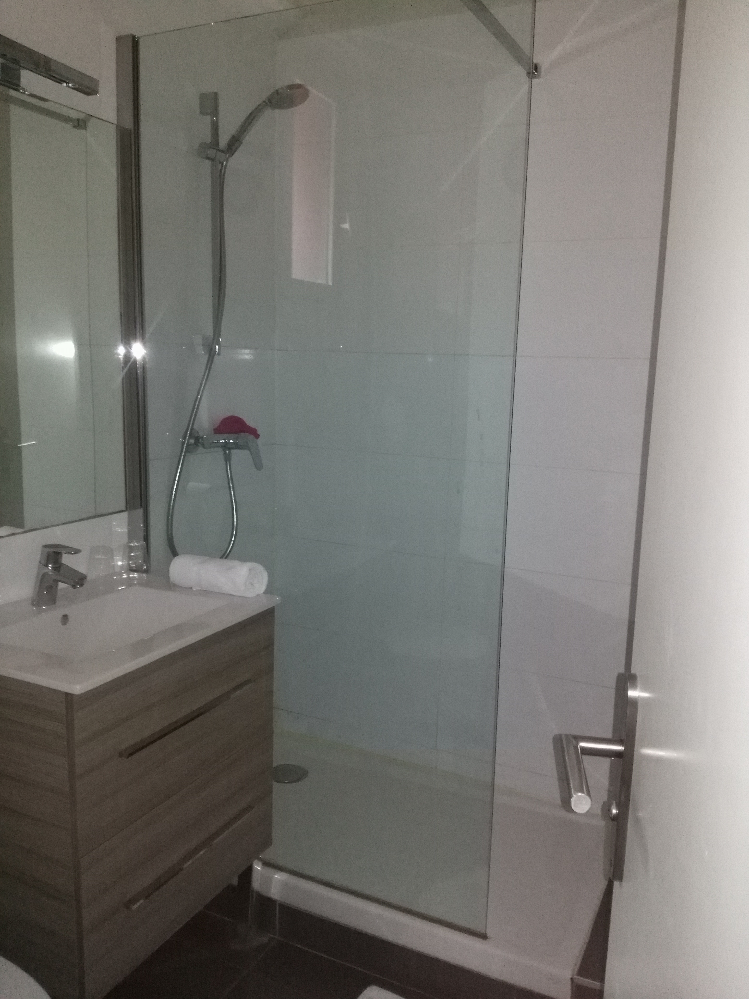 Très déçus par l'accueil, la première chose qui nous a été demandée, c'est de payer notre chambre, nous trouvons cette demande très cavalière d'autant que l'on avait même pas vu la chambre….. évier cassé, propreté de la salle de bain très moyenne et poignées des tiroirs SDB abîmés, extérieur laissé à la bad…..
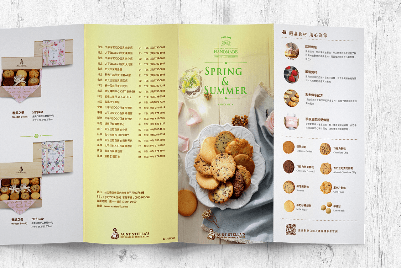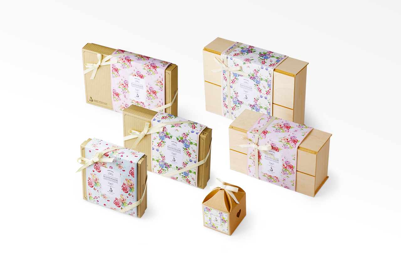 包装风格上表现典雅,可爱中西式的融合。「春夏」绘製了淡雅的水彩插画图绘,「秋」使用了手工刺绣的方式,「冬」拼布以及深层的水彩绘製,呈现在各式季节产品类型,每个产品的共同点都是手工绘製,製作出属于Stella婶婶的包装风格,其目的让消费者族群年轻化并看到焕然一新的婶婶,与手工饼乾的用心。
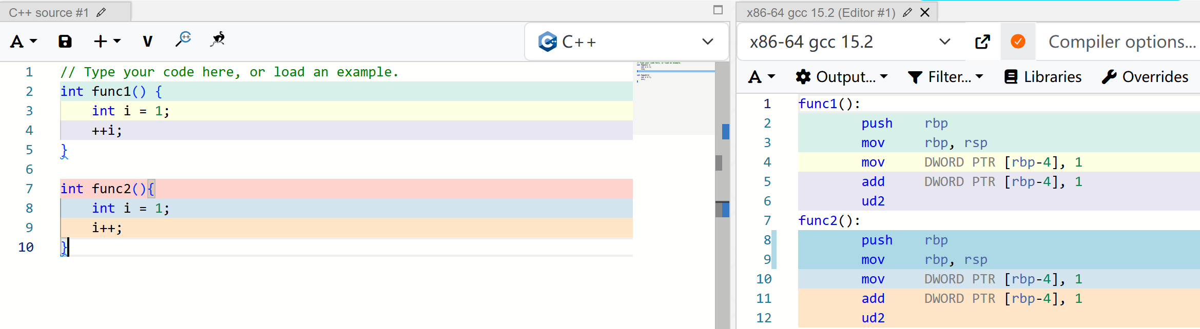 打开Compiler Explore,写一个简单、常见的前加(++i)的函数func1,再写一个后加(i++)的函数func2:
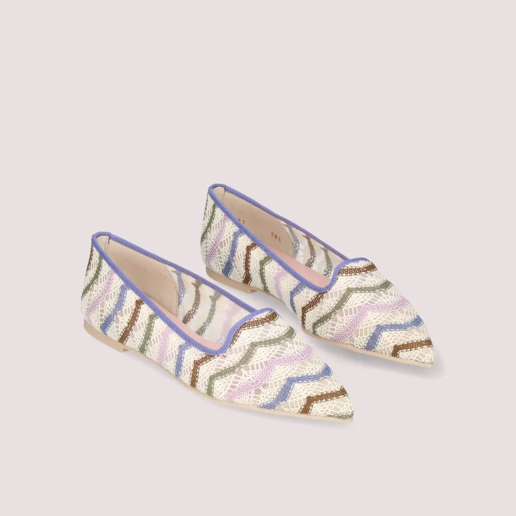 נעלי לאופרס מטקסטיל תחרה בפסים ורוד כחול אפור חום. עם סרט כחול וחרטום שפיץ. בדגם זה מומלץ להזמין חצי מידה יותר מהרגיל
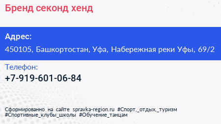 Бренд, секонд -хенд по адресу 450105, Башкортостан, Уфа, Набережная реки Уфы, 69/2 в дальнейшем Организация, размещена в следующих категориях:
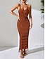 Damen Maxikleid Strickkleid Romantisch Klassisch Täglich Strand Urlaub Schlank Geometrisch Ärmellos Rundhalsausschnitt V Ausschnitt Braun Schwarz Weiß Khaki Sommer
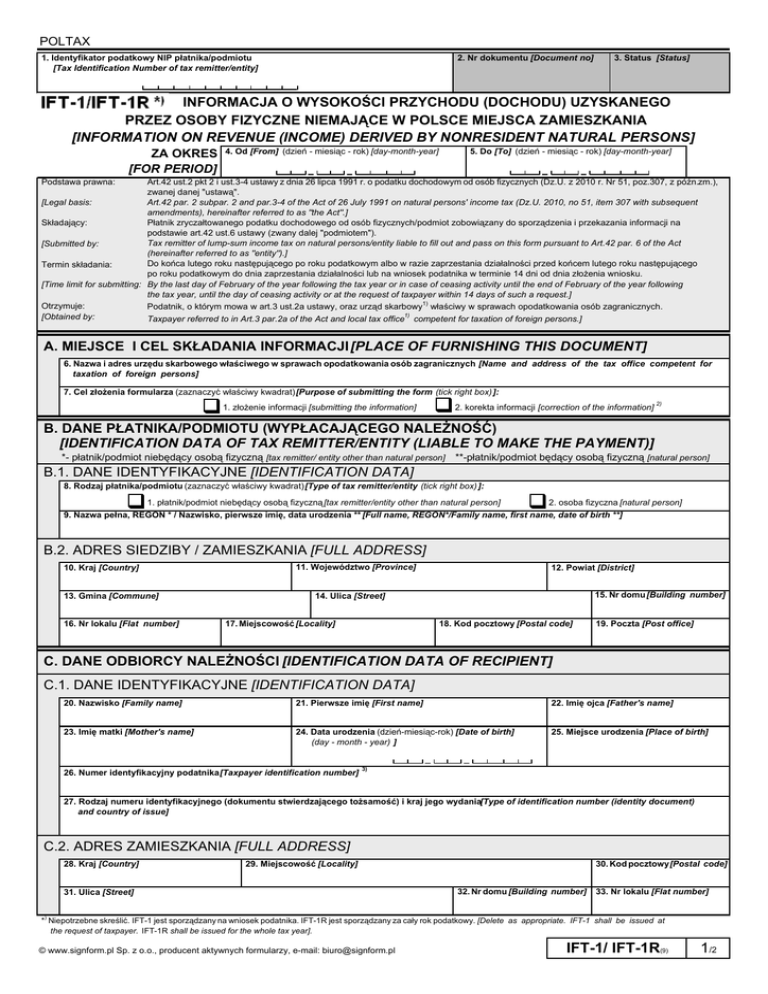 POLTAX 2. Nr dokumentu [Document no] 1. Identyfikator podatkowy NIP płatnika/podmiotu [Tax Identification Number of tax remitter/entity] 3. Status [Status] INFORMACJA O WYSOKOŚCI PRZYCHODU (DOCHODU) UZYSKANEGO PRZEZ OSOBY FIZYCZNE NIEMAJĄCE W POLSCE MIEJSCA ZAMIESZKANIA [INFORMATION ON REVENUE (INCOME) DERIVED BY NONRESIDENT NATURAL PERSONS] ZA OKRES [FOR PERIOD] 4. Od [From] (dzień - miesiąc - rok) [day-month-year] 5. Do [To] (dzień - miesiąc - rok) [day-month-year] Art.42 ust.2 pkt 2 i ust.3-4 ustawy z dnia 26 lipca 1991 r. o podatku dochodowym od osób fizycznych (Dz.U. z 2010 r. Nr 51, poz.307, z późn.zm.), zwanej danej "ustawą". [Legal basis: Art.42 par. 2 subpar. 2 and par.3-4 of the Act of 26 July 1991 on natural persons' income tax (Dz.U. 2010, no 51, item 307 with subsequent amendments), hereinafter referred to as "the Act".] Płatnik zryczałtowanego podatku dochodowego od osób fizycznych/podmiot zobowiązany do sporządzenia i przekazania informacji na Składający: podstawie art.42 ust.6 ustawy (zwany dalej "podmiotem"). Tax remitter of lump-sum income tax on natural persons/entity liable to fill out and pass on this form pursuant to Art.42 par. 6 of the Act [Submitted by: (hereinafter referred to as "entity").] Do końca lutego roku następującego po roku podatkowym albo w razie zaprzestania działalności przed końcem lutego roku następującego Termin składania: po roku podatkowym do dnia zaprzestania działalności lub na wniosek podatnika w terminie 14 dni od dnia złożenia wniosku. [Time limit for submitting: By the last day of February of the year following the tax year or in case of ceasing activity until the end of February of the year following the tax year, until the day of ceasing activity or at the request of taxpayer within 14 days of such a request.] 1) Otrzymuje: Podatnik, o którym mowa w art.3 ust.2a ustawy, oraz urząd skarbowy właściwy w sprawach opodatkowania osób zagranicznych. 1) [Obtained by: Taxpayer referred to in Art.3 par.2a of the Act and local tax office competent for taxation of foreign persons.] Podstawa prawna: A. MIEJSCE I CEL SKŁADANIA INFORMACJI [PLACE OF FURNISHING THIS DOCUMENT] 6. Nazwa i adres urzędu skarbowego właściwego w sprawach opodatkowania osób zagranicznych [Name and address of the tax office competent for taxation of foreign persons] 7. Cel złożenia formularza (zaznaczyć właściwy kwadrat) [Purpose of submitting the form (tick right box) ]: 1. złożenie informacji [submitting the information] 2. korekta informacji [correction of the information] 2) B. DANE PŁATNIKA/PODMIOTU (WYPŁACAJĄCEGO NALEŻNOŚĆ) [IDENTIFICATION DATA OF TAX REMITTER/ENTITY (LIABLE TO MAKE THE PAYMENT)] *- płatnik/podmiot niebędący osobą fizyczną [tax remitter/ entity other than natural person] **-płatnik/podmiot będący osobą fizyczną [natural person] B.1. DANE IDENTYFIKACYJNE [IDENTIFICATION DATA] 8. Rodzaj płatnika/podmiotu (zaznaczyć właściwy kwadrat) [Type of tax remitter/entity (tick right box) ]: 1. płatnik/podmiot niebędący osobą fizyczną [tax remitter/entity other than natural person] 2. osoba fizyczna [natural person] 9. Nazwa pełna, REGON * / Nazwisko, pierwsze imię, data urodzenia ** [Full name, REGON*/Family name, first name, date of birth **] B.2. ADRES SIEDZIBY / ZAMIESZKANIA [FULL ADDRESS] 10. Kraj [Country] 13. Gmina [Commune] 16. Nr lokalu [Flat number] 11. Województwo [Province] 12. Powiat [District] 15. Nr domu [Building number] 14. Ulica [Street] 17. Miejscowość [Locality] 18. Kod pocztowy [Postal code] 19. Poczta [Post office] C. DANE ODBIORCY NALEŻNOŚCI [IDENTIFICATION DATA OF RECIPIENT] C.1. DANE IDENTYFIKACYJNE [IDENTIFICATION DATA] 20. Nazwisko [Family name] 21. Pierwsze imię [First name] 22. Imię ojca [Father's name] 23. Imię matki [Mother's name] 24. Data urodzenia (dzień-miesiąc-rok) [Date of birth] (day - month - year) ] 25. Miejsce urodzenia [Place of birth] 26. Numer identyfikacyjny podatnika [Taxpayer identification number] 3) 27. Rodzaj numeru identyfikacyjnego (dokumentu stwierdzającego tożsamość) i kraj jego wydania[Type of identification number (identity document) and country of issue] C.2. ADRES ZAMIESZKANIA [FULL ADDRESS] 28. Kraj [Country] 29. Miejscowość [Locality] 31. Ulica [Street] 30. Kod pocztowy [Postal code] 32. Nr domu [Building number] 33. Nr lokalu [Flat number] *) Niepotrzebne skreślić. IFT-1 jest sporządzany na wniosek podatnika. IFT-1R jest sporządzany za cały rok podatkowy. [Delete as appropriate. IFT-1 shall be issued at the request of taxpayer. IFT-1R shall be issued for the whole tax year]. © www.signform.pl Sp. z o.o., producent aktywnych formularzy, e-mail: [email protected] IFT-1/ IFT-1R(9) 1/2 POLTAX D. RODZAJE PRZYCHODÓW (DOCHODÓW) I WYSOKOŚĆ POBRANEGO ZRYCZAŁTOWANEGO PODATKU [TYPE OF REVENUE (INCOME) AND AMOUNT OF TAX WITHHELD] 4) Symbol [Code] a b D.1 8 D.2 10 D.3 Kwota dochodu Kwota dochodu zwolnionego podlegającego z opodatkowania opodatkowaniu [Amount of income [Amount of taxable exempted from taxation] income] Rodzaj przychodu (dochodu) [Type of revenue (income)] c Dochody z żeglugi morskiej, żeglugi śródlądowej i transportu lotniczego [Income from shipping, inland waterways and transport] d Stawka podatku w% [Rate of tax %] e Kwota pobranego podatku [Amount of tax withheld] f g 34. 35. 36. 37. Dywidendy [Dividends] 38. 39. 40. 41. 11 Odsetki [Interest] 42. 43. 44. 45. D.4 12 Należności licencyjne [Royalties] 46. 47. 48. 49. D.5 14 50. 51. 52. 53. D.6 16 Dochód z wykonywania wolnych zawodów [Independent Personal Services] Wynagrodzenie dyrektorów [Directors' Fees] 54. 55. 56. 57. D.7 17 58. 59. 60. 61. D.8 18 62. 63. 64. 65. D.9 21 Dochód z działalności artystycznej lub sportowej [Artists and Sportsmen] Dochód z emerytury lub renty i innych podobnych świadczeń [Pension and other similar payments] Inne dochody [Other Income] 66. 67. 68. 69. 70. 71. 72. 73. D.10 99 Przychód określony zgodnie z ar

» Description of the task: Take the material above from the line bearing "打开Compiler Exp" through the line bearing "Damen Maxikleid Strickkleid" and write it out exactly, both end lines included. Pictures stay out.

» Answer to the exercise:
 打开Compiler Explore,写一个简单、常见的前加(++i)的函数func1,再写一个后加(i++)的函数func2:
 נעלי לאופרס מטקסטיל תחרה בפסים ורוד כחול אפור חום. עם סרט כחול וחרטום שפיץ. בדגם זה מומלץ להזמין חצי מידה יותר מהרגיל
 Бренд, секонд -хенд по адресу 450105, Башкортостан, Уфа, Набережная реки Уфы, 69/2 в дальнейшем Организация, размещена в следующих категориях:
 Damen Maxikleid Strickkleid Romantisch Klassisch Täglich Strand Urlaub Schlank Geometrisch Ärmellos Rundhalsausschnitt V Ausschnitt Braun Schwarz Weiß Khaki Sommer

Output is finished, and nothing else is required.